Alberta is slowly but surely cleaning up its energy act. In 2018, less than 50% of Alberta's electricity originated from coal-fired electricity generators. The restructuring of its energy mix has lead to a 16% (or 7 megatons) reduction in greenhouse gas emissions ("GHG"), an approximate equivalent of taking 1.5 million cars off the roads. However laudable this reduction may be for Alberta's unique electricity sector, it continues to pale in comparison to the province of Ontario. In 2014, Ontario became the first jurisdiction with a significant reliance on coal-fired electricity in North America. Ontario's reduction represented the largest GHG emissions reduction action on the North American continent. 

Further attesting to Alberta's progressive efforts in cleaning up its energy act are a reduction in the province's future projections of GHGs. Less than 4 years ago, Alberta projected an annual production of 313 megatons of greenhouse gas emissions by 2030.  That projection has now been changed to 263 megatons, a 50 megaton reduction from its previous projection. This reduction in GHGs represents an equivalent of 11 million fewer cars on the road, which is akin to a 3 fold reduction in Vancouver, (BC) GHGs. While coal generation has declined from 59 to 47 %, power from cleaner natural gas has risen from 31% to 42%.
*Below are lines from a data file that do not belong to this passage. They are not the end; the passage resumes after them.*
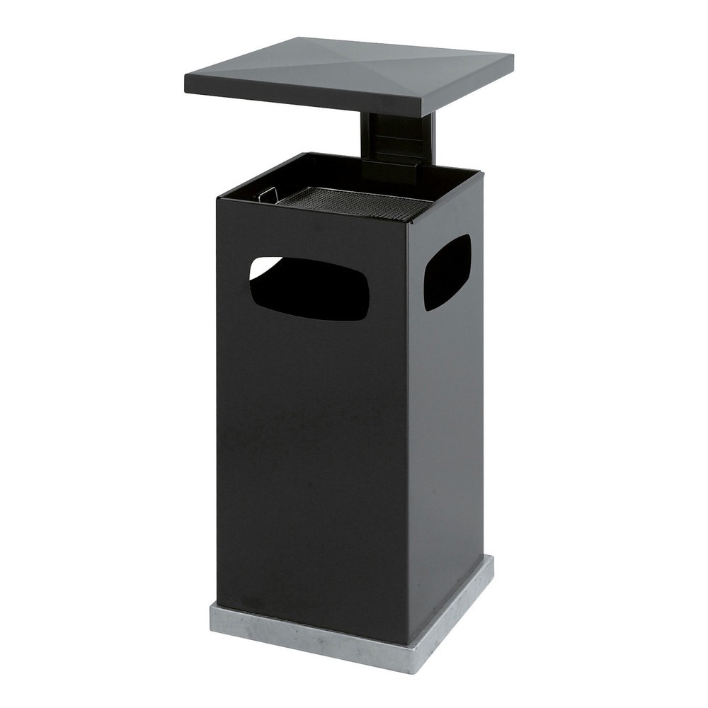 Combinazione posacenere-cestino dei rifiuti in acciaio, quadrato, tetto rimovibile, 70 litri, antracite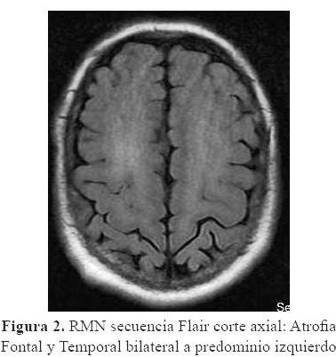 El paciente previo a las manifestaciones motoras, presentó alteraciones conductuales marcadas con desinhibición y conducta social inapropiada y la presencia de signos de liberación frontal lo cual sugirió que previo al cuadro motor el paciente presentó un cuadro compatible con demencia frontotemporal. Aunque no se llegó a realizar la evaluación neuropsicológica formal por su estado, los datos imagenológicos y de anamnesis, en los que destacaban sus manifestaciones iniciales caracterizadas por trastorno conductual con signos y síntomas de liberación frontal sustentaban que el paciente cumplía los criterios diagnósticos propuestos por Rascovsky et al., para DFT variante conductual probable (5).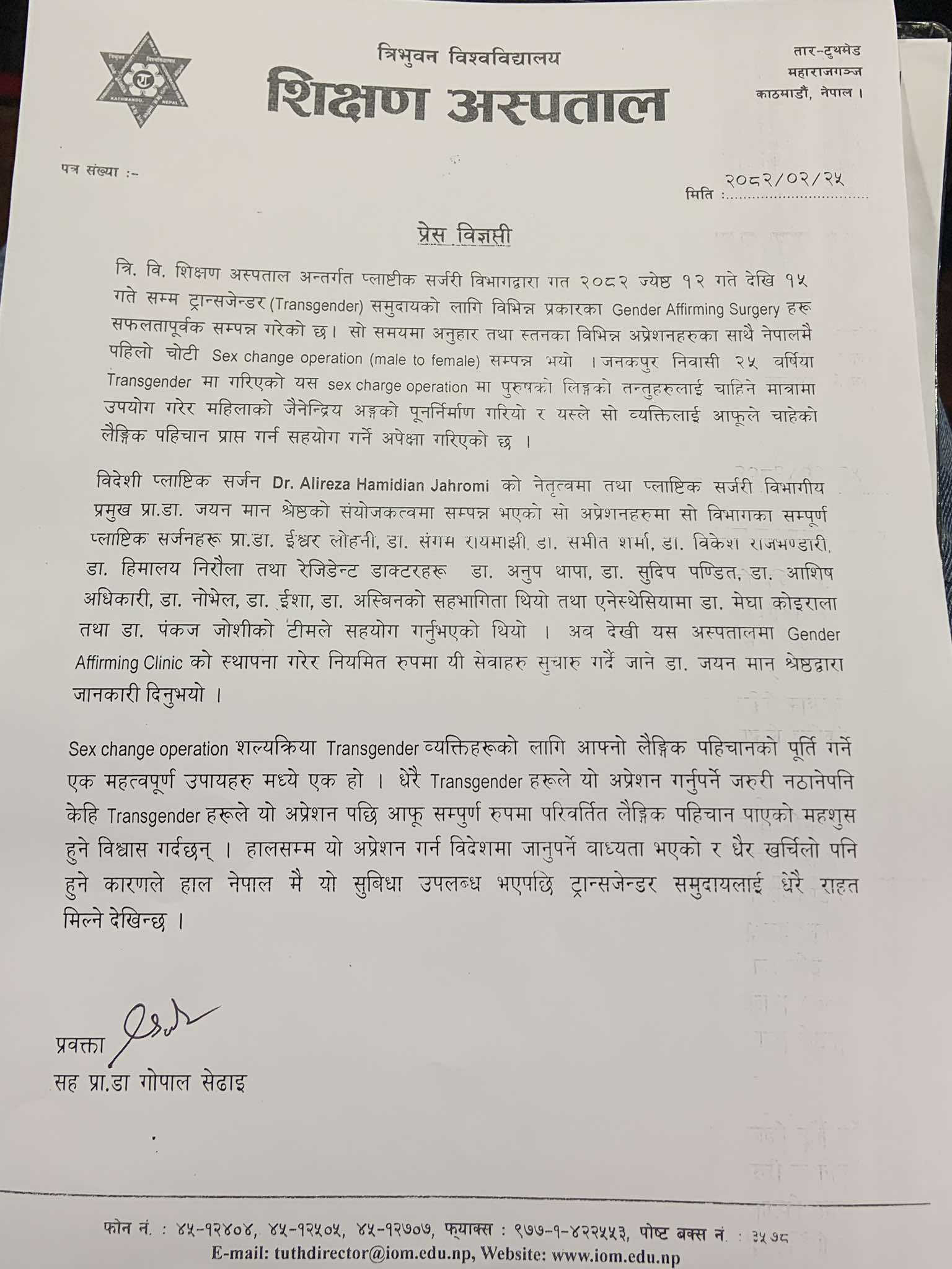 र यसले सो व्यक्तिलाई आफूले चाहेको लैंगिक पहिचान प्राप्त गर्न सहयोग गर्ने अपेक्षा गरिएको अस्पतालका प्रवक्ता सह प्रा.डा गोपाल सेढाईले विज्ञप्तिमा उल्लेख गरेका छन् ।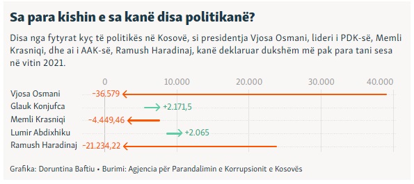 Në këtë listë hyjnë edhe zyrtarët e partive politike, si Memli Krasniqi i Partisë Demokratike të Kosovës (PDK), Lumir Abdixhiku i Lidhjes Demokratike të Kosovës (LDK), Ramush Haradinaj i Aleancës për Ardhmërinë e Kosovës (AAK), presidentja Vjosa Osmani, si dhe Glauk Konjufca, i cili për katër vjet mbajti postin e kryeparlamentarit.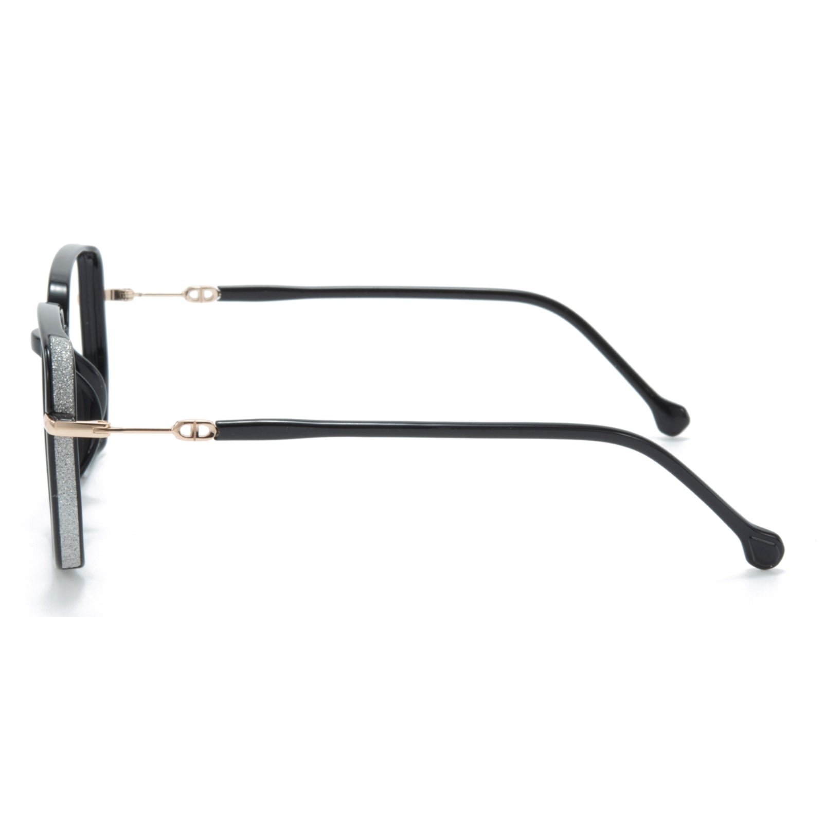 Quadratische und breite Brille mit glitzerischen Rahmen. Sie wurden für Trendsetter entwickelt, die gerne glänzen, und bieten eine mutige und modische Aussage, die auffällt. Diese Brille ist perfekt für die Erhöhung alltäglicher Outfits oder Ergänzung schicker Ensembles und ist ein Muss für das stile Bewusstsein.

Apart form Alberta's plans to phase-out pollution from coal-fired electricity generation by 2030, a cap on oilsands emissions, and a reduction in methane emissions, Alberta's strategy also includes strategy also includes a price on carbon. A portion of the $1.8 billion collected from the carbon tax is being reinvested in the province's efforts to clean-up its energy act. Another $3 billion dollars is being invested into light rail transit over 10 year period. Alberta's carbon tax, however, is not without opposition. The province's United Conservative Party (UCP) is resolved to repeal the province's carbon tax, the rationale being that the province's carbon tax is killing jobs in the province and causing an economic decline.